In 1970, Rhea Zakich, a mother from Garden Grove, California who had grown up during the Great Depression in an emotionally distant family, developed polyps on her vocal cords, forcing her not to speak for three months before her recovery.[1][2] During her illness, her children and husband stopped talking to her, and she regretted not engaging with them emotionally when she had been able to talk.[1]
As a remedy, she wrote down questions that she wanted her family to ask her on paper cards, later turning the cards into a makeshift game by adding a hand-drawn board and using pieces from a copy of Monopoly.[1] As well as the cards with more personal questions, she added more fun questions such as, "what's your favorite colour?"[1] Initially, she arranged the deck so that she would get the questions she wanted to answer. However, one of her sons shuffled the deck.[1]
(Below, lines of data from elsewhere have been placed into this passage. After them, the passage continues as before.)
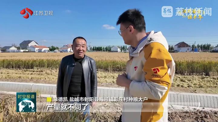 盐城市射阳县海河镇彭庄村种粮大户皋德凯说:“产量就不同了,今年还可以,亩产1200斤,每亩地能增产100斤左右。”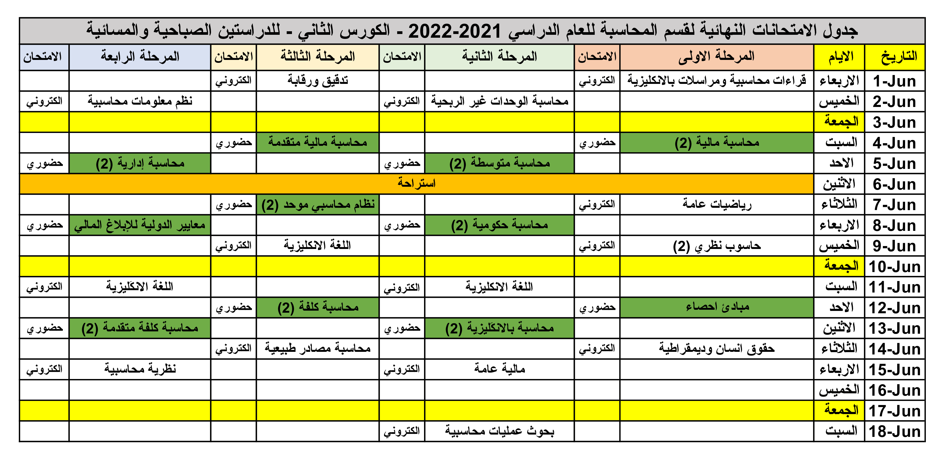 جدول الامتحانات النهائية لقسم المحاسبة للعام الدراسي 2021-2022 الفصل الدراسي الثاني و للدراستين الصباحية والمسائية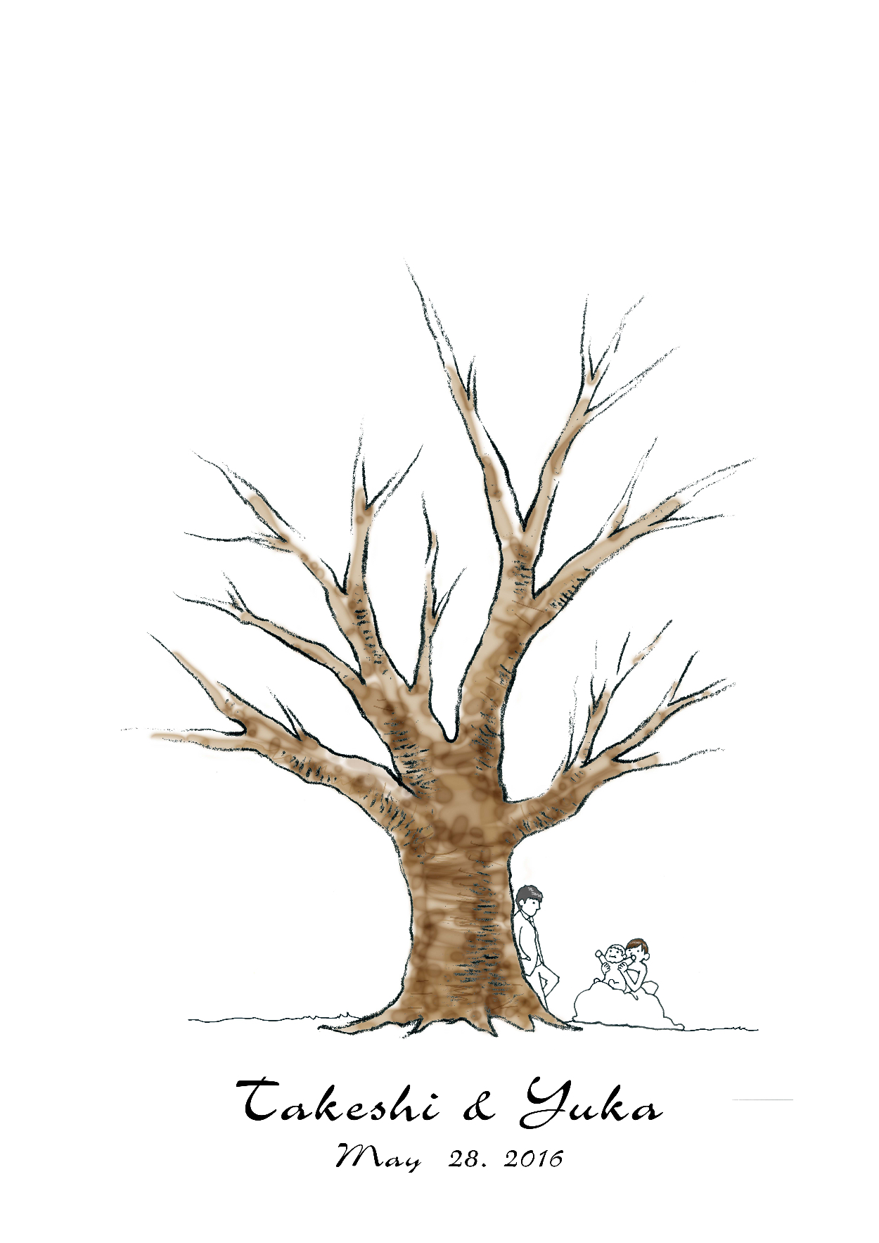新婦の依頼では、参列者からのメッセージを貼って完成させるウェルカムボードにしたいという事でした。ボードの元になるイラストを制作し、デザインしました。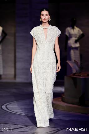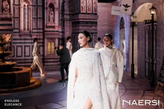 在工艺呈现上,NAERSI以佛罗伦萨的百年徽记“百合”为灵感,糅合西方古典美学与东方优雅意境,重磅推出佛罗伦萨Merletto丝绣工艺系列等时装臻作。通过佛罗伦萨针绣、艺术镂空、立体格艺等细腻笔触,NAERSI将31年品牌积淀与西方顶级匠艺深度融合。大秀特设的优雅工坊静态展区,以经典工艺区、非遗匠艺区、优雅精神区三重维度,构建从技艺到精神的完整叙事,让宾客得以近距离感受高级时装背后的匠心传承。这既是NAERSI对品牌初心的坚守,也是其在赢家时尚集团对未来发展路径的深刻思考与生动诠释。

Upon their first playthrough, her husband revealed for the first time how frightened her illness made him; her son, a bright student, expressed how he hated the constant pressure to perform well in school; the other son talked about how his peers' teasing made him feel.[1] They let their neighbors borrow the game and she began to make copies before writing to game manufacturers and educational supply companies in an attempt to publish the game.[1] She was declined by all the companies she contacted, who cited its non-competitivity and claimed that people didn't talk about their emotions.[1]
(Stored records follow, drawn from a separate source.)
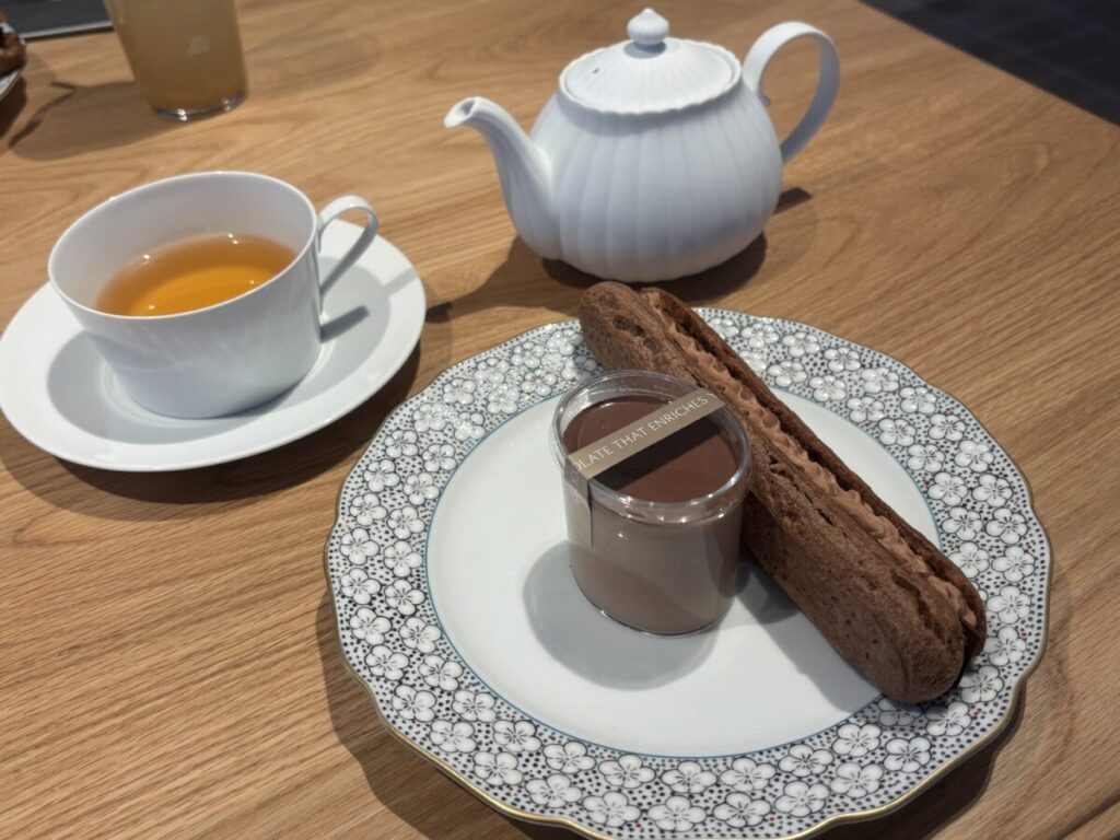 今回はエクレアとチョコプリンのセット(1,200円・税抜)に、初めてのカカオティー(600円・税抜)を。 チョコレートの香りがふんわり漂って、本当に美味しいの。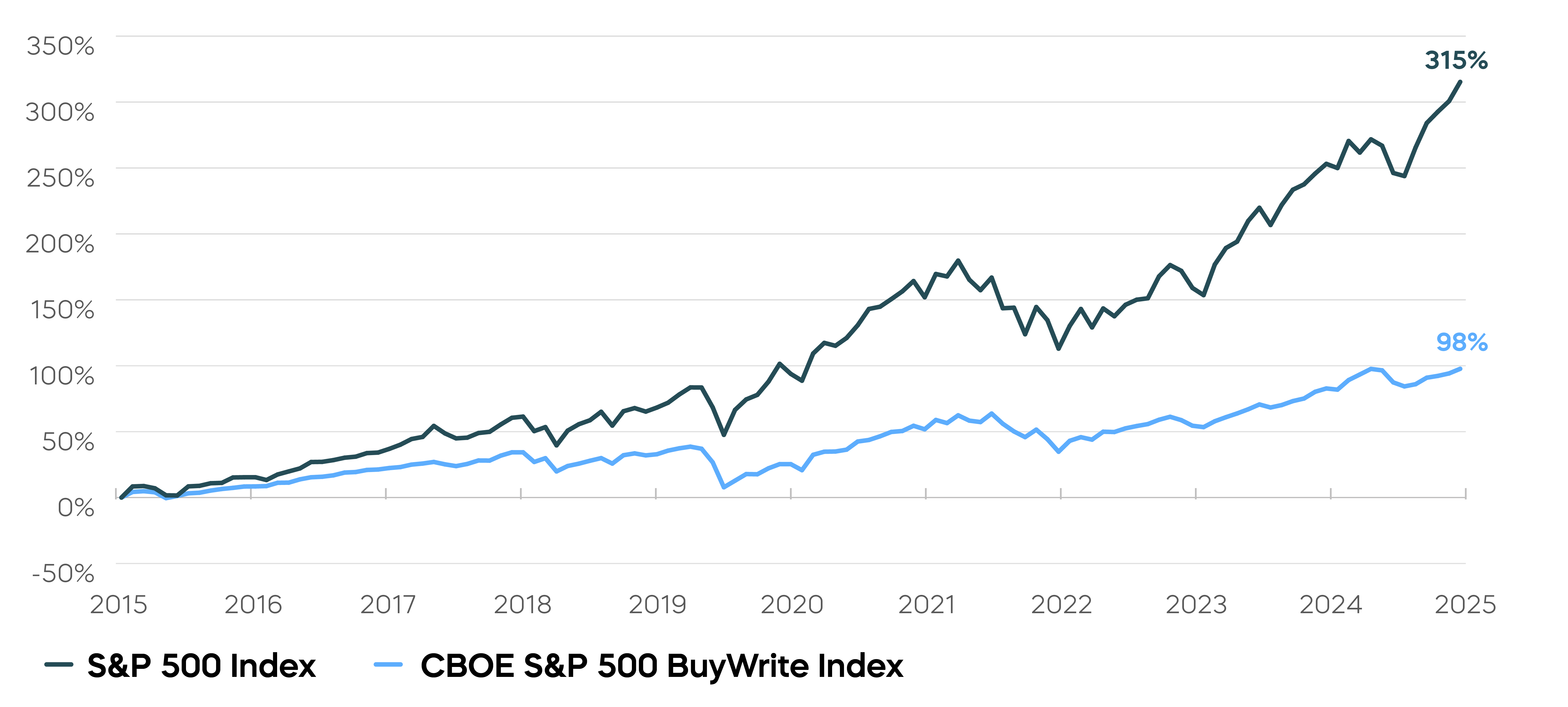 By capping the potential gains of an investment, covered call strategies create an inherent trade-off: The investor receives income from selling calls, but sacrifices long-term growth potential by capping the upside. In the case of traditional covered call strategies, this trade-off can be particularly costly over time.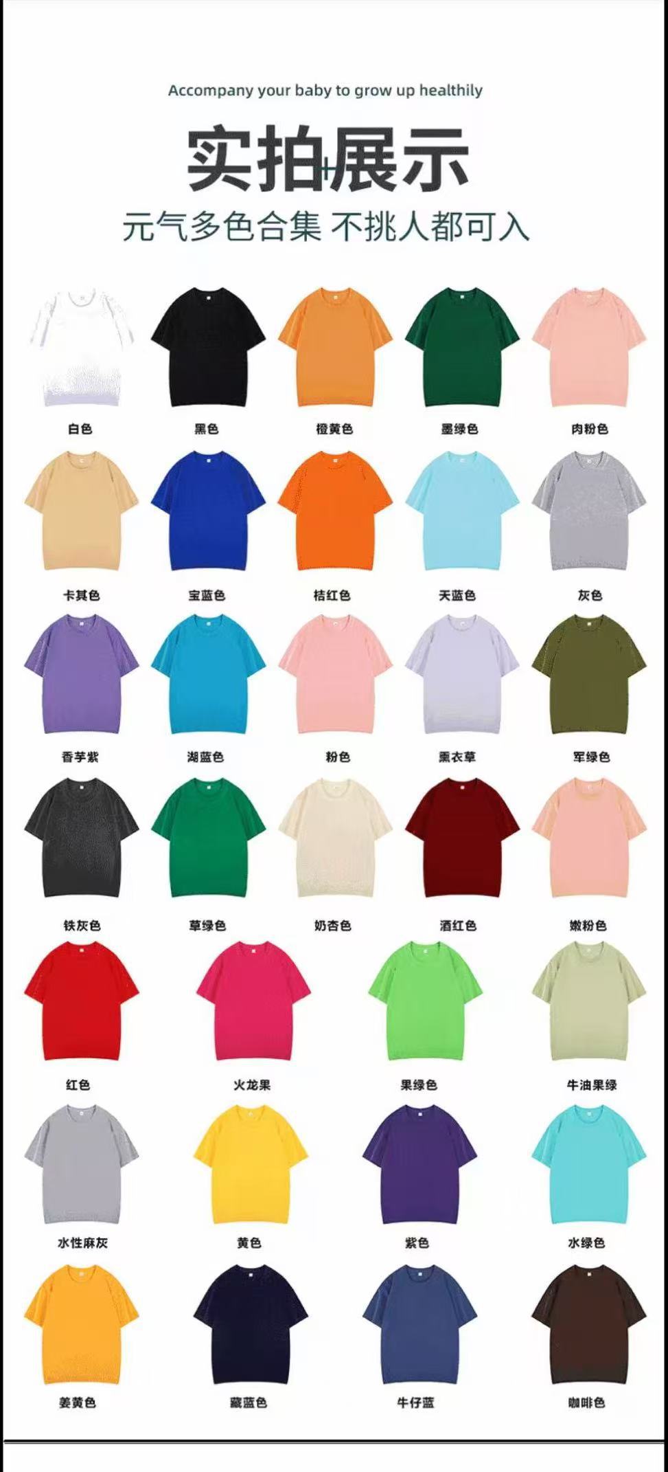 200g 순수 코튼 어린이 반팔 티셔츠 부모-자식 느슨한 캐주얼 유행 라운드 넥 소년 솔리드 컬러 다목적 티셔츠 정원 유니폼스토어 가기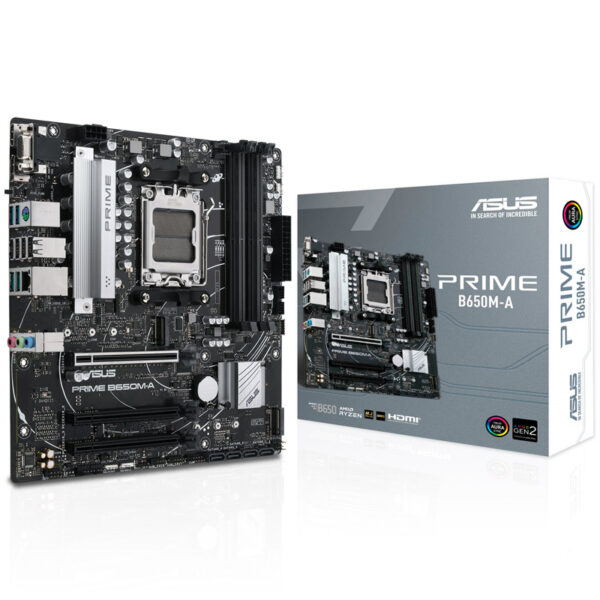 ASUS Prime series motherboards are expertly engineered to unleash the full potential of AMD Ryzen 7000-series processors. Boasting a robust power design, comprehensive cooling solutions and intelligent tuning options, PRIME B650M-A provides users and PC DIY builders with a range of performance optimizations via intuitive software and firmware features.

In 1972, a boy from Zakich's neighbourhood found a half-finished copy of the game in the trash, that she had made an error with; his parents approached her, willing to remortgage their house to put the game into production.[1] They founded The Ungame Company, and Zakich, who had recovered her voice, gave talks about the game at schools and then notified local toy shops that people would be searching to buy the game afterwards.[1] The company gained the rights to the game's catchphrase, "tell it like it is".[2]
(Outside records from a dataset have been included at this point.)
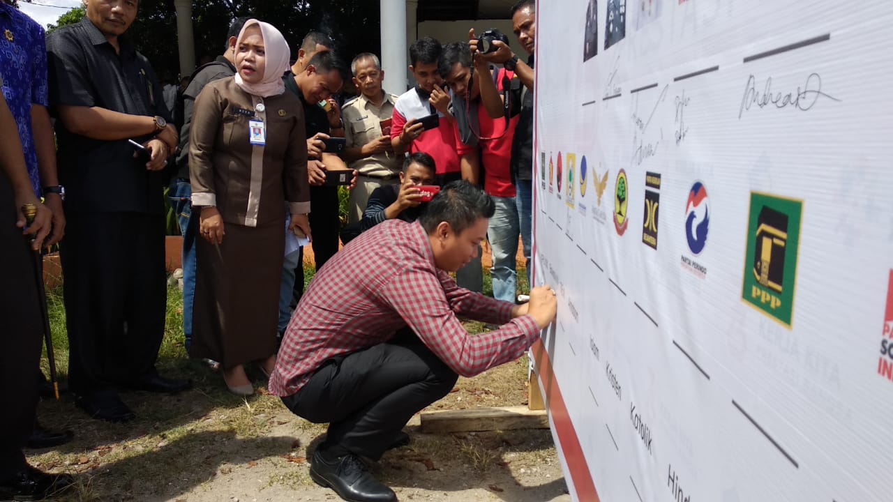 Pantauan TOTABUAN.NEWS, usai pembacaan sambutan Walikota, deklarasi ini dilanjutkan dengan penandatanganan Baliho Deklarasi Pemilu Damai 2019 oleh Pejabat Forkopimda, Bawaslu, KPU, Perwakilan Partai Politik serta Tokoh Agama.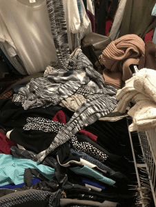 I’m so thrilled to be able to share my new release with you and before I go I want to share a fashion disaster that occurred while I was working on the copy edits of MURDER WEARS A LITTLE BLACK DRESS. I know Kelly could relate and would sympathize because having your closet collapse isn’t fun. Luckily, no clothing was hurt. Don’t try this at home!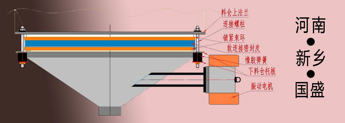 振动给料斗是用螺栓固定在储料仓下部,料斗内装有球面活化器,它将水平方向的激振力分解为沿球面法线方向和切线方向的分力。法线方向沿放射方向传递到物料深处,从而破坏了料仓内的垂直料拱,促使活化器上部的物料从中心向四周快速移动,再沿仓壁下滑,实现物料的整体流动,从出料口均匀排出。

There were two attempts to adapt the game into a television game show, both of which failed. One succeeded in the creation of a pilot episode, however it included the host pointing out wrong answers, which made Zakich "sick".[2] The other proposed show involved a life-sized game board with giant foam rubber dice.[2]
By 1985, The Ungame had over one million sales.[1] By 1986, many out-dated expressions for the time such as "hang-ups" and "do your own thing" were changed for more up-to-date terms.[3]
The Ungame has a number of variations and expansions available. Many of these were available in 1987.[4]
These include cards only in a smaller travel sized box.
The Lewiston Journal called The Ungame "Personal Pursuit", comparing it to the trivia board game Trivial Pursuit.[3] In 1987, The Afro-American touted the game as a remedy to "the shredding of the family in Black America", and saw the game as a solution to violent toys and video games, as well as to the depiction of violence against women in media.[4]